====== SUPPLIED DATA ======

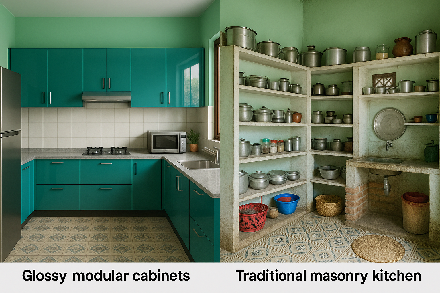 In Bangladesh, traditional kitchens are masonry-based with fixed shelves. They often lack flexibility. Modular kitchens, on the other hand, use factory-made cabinets and can be customized for any layout.
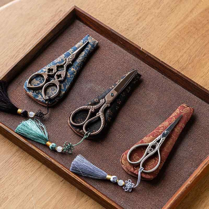 茶道ハサミ 小型 ミニ 中国風 レトロ アンティーク調 ステンレス製 家庭用 普段使い 茶葉袋 ティーバッグ 糸切り おしゃれ コンパクト 茶道具 和風 オリエンタル 吉祥柄
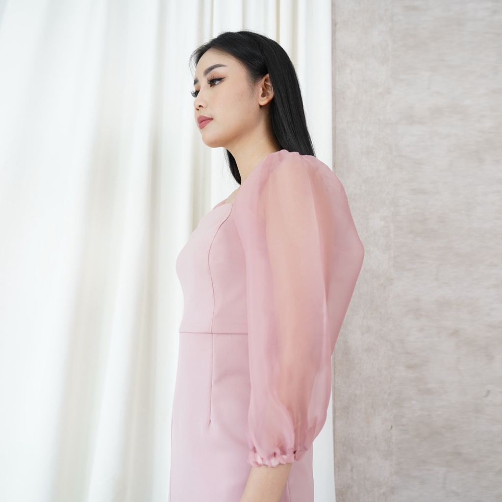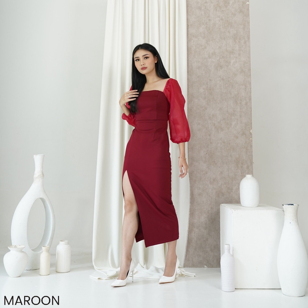 Risty Long Scuba Dress Organza Long Sleeve Slit Maxi Irish Dress - CG221005
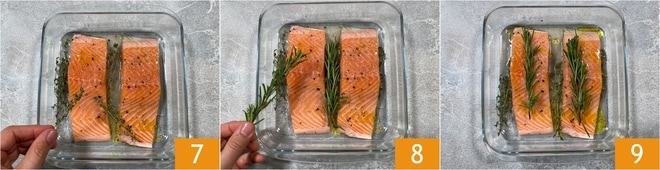 Parfumez avec des brins de thym 7 et des brins de romarin 8. Laissez mariner le saumon pendant 30 minutes, couvert à température ambiante 9.
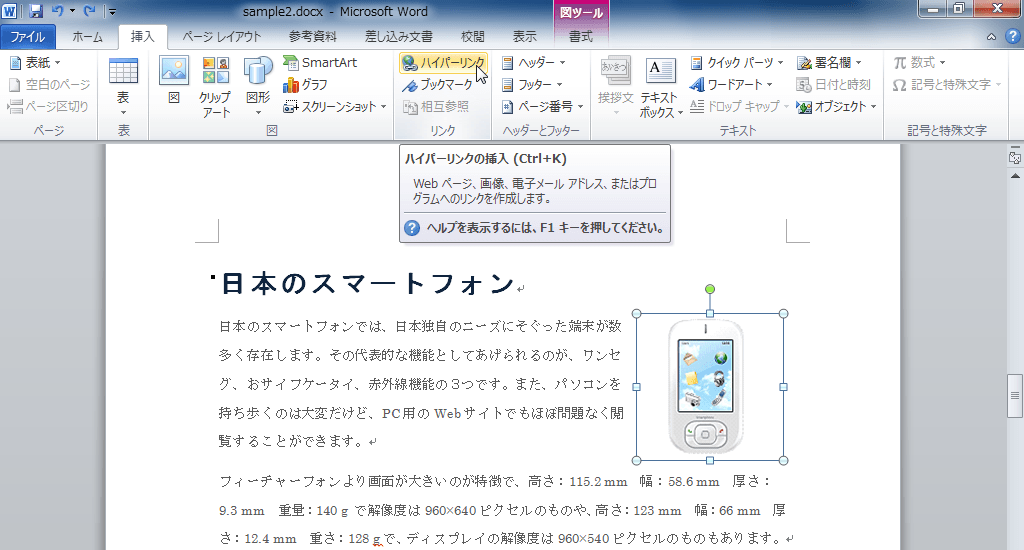 ハイパーリンクの挿入
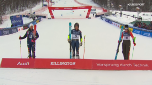 Na dole trwało w kompletnej ciszy podium, na którym 6 triumf w karierze odebrała Sara HECTOR, a pierwsze w gigancie podium odebrały Zrinka LJUTIC i Camille RAST. Mikaela zjechała po kilku minutach na noszach.
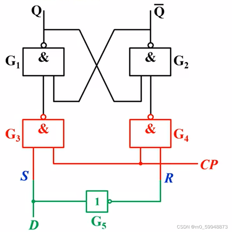 当CP(时钟)为0时,触发器是不受D端输入信号控制的。保持原状态不变(对于这里不理解的,可以看篇同步SR电路数字电路之RS触发器(与非门)_m0_59948873的博客-CSDN博客)

======

EXERCISE:
Return nothing except the lines from the line with "Na dole trwało" through the last line of the records above, copied exactly and without pictures.

REPLY TO THE TASK:
 Na dole trwało w kompletnej ciszy podium, na którym 6 triumf w karierze odebrała Sara HECTOR, a pierwsze w gigancie podium odebrały Zrinka LJUTIC i Camille RAST. Mikaela zjechała po kilku minutach na noszach.
 当CP(时钟)为0时,触发器是不受D端输入信号控制的。保持原状态不变(对于这里不理解的,可以看篇同步SR电路数字电路之RS触发器(与非门)_m0_59948873的博客-CSDN博客)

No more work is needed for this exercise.